可以将文章内容翻译成中文,广告屏蔽插件可能会导致该功能失效(如失效，请关闭广告屏蔽插件后再试):

问题:

The context is Inter-Process-Communication where one process("Server") has to send fixed-size structs to many listening processes("Clients") running on the same machine.

I am very comfortable doing this in Socket Programming. To make the communication between the Server and the Clients faster and to reduce the number of copies, I want to try out using Shared Memory(shm) or mmaps.

The OS is RHEL 64bit.

Since I am a newbie, please suggest which should I use. I'd appreciate it if someone could point me to a book or online resource to learn the same.

Thanks for the answers. I wanted to add that the Server ( Market Data Server ) will typically be receiving multicast data, which will cause it to be "sending" about 200,000 structs per second to the "Clients", where each struct is roughly 100 Bytes.

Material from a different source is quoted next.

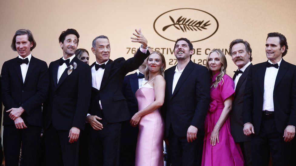 Director Wes Anderson and actors Adrien Brody, Tom Hanks, Matt Dillon, Scarlett Johansson, Bryan Cranston and Hope Davis posed for pictures at the Cannes Film Festival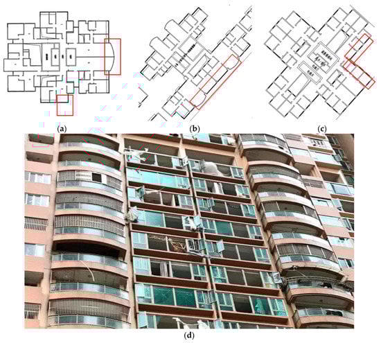 Locations vulnerable to typhoon damage in the standard layer plane. (a) Villa de Mer standard floor; (b) La Baie du Noble standard floor; (c) EDF. Polytec Garden standard floor; and (d) Damage to the facade windows of La Baie du Noble after Typhoon Hato. In the floor plan (a–c), the Chinese text indicates the location of the elevator room of the residence.

Does shm_open/mmap implementation outperform sockets only for large blocks of data or a large volume of small structs as well ?

回答1:

I'd use mmap together with shm_open to map shared memory into the virtual address space of the processes. This is relatively direct and clean:

you identify your shared memory segment with some kind of symbolic name, something like "/myRegion"
with shm_open you open a file descriptor on that region
with ftruncate you enlarge the segment to the size you need
with mmap you map it into your address space

The shmat and Co interfaces have (at least historically) the disadvantage that they may have a restriction in the maximal amount of memory that you can map.

Then, all the POSIX thread synchronization tools (pthread_mutex_t, pthread_cond_t, sem_t, pthread_rwlock_t, ...) have initialization interfaces that allow you to use them in a process shared context, too. All modern Linux distributions support this.

Whether or not this is preferable over sockets? Performance wise it could make a bit of a difference, since you don't have to copy things around. But the main point I guess would be that, once you have initialized your segment, this is conceptually a bit simpler. To access an item you'd just have to take a lock on a shared lock, read the data and then unlock the lock again.

As @R suggests, if you have multiple readers pthread_rwlock_t would probably the best lock structure to use.

回答2:

I once implemented an IPC library using shared memory segments; this allowed me to avoid a copy (instead of copying data from sender memory, to kernel space, and then from kernel space to receiver memory, I could directly copying from sender to receiver memory).

Anyway results weren't as good as I was expecting: actually sharing a memory segment was a really expensive process, since remapping TLB entries and all the rest is quite expensive. See this mail for more details (I'm no one of those guys, but got into such mail while developing my library).

Results were good only for really big messages (say more than a few megabytes), if you're working with little buffers, unix sockets are the most optimized thing you can find unless you are willing to write a kernel module.

回答3:

Apart from what's been suggested already, I'd like to offer another method: IPv6 Node/Interface Local Multicast, i.e. a multicast constrained to the loopback interface. http://www.iana.org/assignments/ipv6-multicast-addresses/ipv6-multicast-addresses.xml#ipv6-multicast-addresses-1

At first this might seem quite heavyweight, but most OS implement loopback sockets in a zero-copy architecture. The page(s) mapped to the buf parameter passed to send will be assigned an additional mapping and marked as copy on write so that if the sending program overwrites the data therein, or deallocates the contents will be preserved.

Instead of passing raw structs you should use a robust data structure. Netstrings http://cr.yp.to/proto/netstrings.txt and BSON http://bsonspec.org/ come to mind.

回答4:

Choosing between the POSIX shm_open/mmap interface and the older System V shmop one won't make a big difference, because after the initialization system calls, you end up with the same situation: a memory area that is shared between various processes. If your system supports it, I'd recommend to go with shm_open/mmap, because this is a better designed interface.

You then use the shared memory area as a common blackboard where all processes can scribble their data. The difficult part is to synchronize the processes accessing this area. Here I recommend to avoid concocting your own synchronization scheme, which can be fiendishly difficult and error-prone. Instead, use the existing working socket-based implementation for synchronizing access between processes, and use the shared memory only for transferring large amounts of data between processes. Even with this scheme you'll need a central process to coordinate the allocation of buffers, so this scheme is worth it only if you have very large volumes of data to transfer. Alternatively, use a synchronization library, like Boost.Interprocess.